Five years after Sheekman’s death in 1978, Stuart renewed a friendship with an old friend from her college years: Ward Ritchie, who had become a world-renowned master printer. The friendship quickly grew into an autumn romance. From Ritchie, Stuart developed an interest in fine letter-press printing and bought her own hand press.

She devoted much of her time to designing and printing artists’ books (handmade, letter-press printed books in limited editions, with her own artwork and writing).
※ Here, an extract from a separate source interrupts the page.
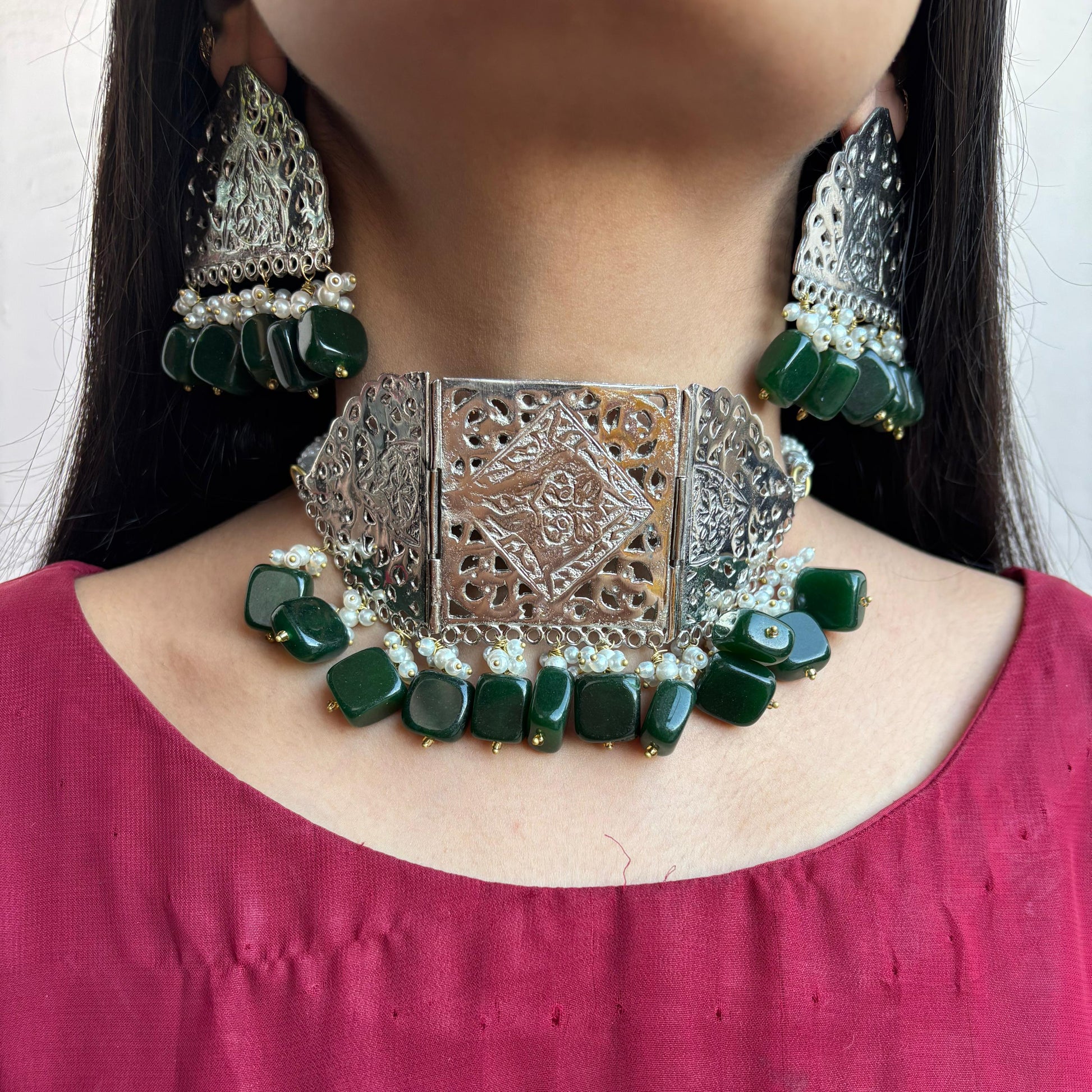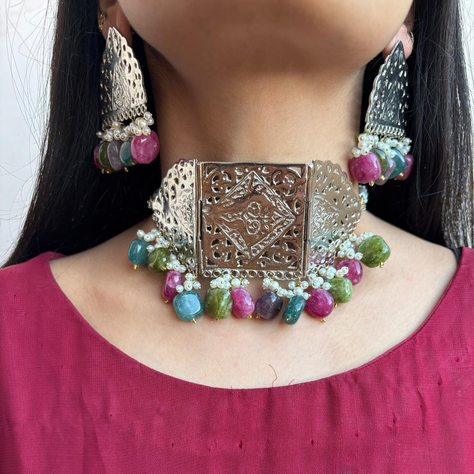 Elevate your jewelry collection with our exquisite semi-precious stone silver choker and studs. Crafted with authentic sterling silver and adorned with carefully selected gemstones, each piece showcases timeless elegance and sophisticated design. The choker features a refined fit that complements various necklines, while matching studs provide versatile styling options for both casual and formal occasions. Semi-precious stones offer natural beauty with unique color variations, making each piece distinctly individual. Perfect for those who appreciate quality craftsmanship and understated luxury, this set combines traditional artistry with contemporary aesthetics.

Her work is in the J. Paul Getty Museum in Los Angeles, the Metropolitan Museum of Art in New York City, the Victoria and Albert Museum in London and other museums.

About four months after Ritchie’s death in 1996 at 91, Stuart received a call from James Cameron’s casting director, Mali Finn.

“The next day, Jim came with a video camera,” Stuart told The Times in 1997. “I read for him for about an hour, then I didn’t hear anything, so I wrote him a letter and said, ‘I’ve re-read the script and I should’ve given it a feistier reading.’ I mailed it on Friday and Monday Mali Finn called and said, ‘How would you like to be Old Rose?’ I screamed and hollered.”

Besides her daughter, Stuart is survived by four grandchildren and 12 great-grandchildren.

A private funeral service will be held.